(SOURCE MATERIAL)
══════════
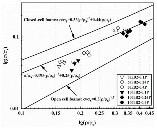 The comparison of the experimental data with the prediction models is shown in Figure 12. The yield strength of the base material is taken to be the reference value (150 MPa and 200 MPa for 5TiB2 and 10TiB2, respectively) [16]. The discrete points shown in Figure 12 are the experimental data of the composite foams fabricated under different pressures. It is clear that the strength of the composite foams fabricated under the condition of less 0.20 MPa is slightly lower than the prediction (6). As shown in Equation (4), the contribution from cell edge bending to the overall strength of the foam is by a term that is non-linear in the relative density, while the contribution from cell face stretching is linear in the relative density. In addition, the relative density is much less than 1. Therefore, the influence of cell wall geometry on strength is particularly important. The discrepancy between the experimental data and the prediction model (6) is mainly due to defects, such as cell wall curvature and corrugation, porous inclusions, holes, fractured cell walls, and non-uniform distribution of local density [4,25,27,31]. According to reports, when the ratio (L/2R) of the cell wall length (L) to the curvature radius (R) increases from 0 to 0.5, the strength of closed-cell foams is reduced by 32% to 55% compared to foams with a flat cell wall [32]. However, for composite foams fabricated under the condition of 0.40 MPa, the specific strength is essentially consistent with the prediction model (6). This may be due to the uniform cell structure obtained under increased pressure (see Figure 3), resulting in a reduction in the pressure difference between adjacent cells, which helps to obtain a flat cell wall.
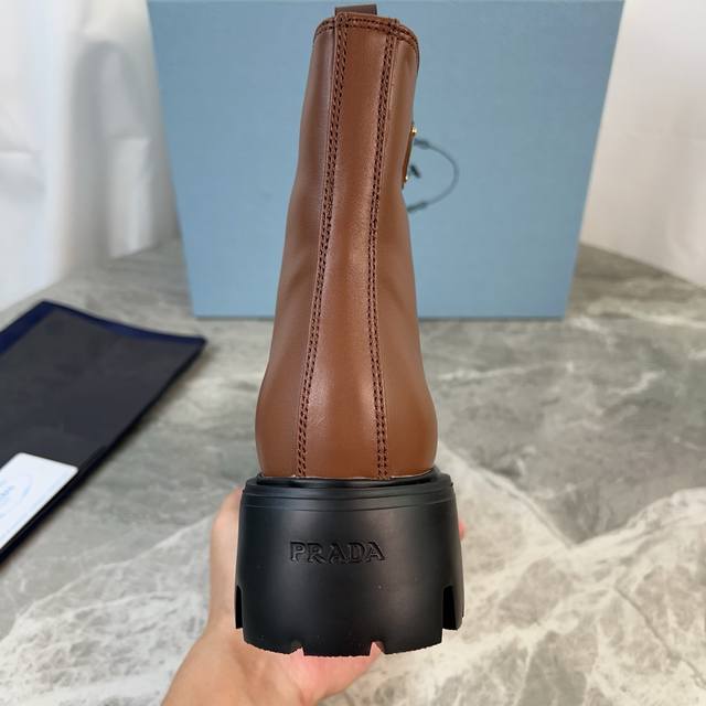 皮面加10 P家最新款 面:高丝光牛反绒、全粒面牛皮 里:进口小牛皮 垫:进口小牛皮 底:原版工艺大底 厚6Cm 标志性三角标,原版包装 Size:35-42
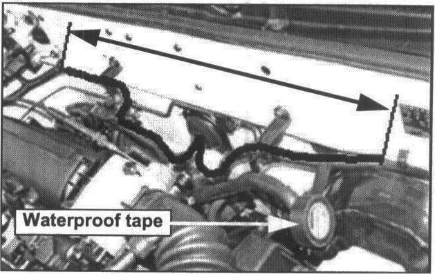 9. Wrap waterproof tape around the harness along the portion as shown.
══════════
(EXERCISE INSTRUCTIONS)
What the reply must contain is an exact transcription of the data above and none of its pictures.

(ANSWER FOR THIS EXERCISE)
 The comparison of the experimental data with the prediction models is shown in Figure 12. The yield strength of the base material is taken to be the reference value (150 MPa and 200 MPa for 5TiB2 and 10TiB2, respectively) [16]. The discrete points shown in Figure 12 are the experimental data of the composite foams fabricated under different pressures. It is clear that the strength of the composite foams fabricated under the condition of less 0.20 MPa is slightly lower than the prediction (6). As shown in Equation (4), the contribution from cell edge bending to the overall strength of the foam is by a term that is non-linear in the relative density, while the contribution from cell face stretching is linear in the relative density. In addition, the relative density is much less than 1. Therefore, the influence of cell wall geometry on strength is particularly important. The discrepancy between the experimental data and the prediction model (6) is mainly due to defects, such as cell wall curvature and corrugation, porous inclusions, holes, fractured cell walls, and non-uniform distribution of local density [4,25,27,31]. According to reports, when the ratio (L/2R) of the cell wall length (L) to the curvature radius (R) increases from 0 to 0.5, the strength of closed-cell foams is reduced by 32% to 55% compared to foams with a flat cell wall [32]. However, for composite foams fabricated under the condition of 0.40 MPa, the specific strength is essentially consistent with the prediction model (6). This may be due to the uniform cell structure obtained under increased pressure (see Figure 3), resulting in a reduction in the pressure difference between adjacent cells, which helps to obtain a flat cell wall.
 皮面加10 P家最新款 面:高丝光牛反绒、全粒面牛皮 里:进口小牛皮 垫:进口小牛皮 底:原版工艺大底 厚6Cm 标志性三角标,原版包装 Size:35-42
 9. Wrap waterproof tape around the harness along the portion as shown.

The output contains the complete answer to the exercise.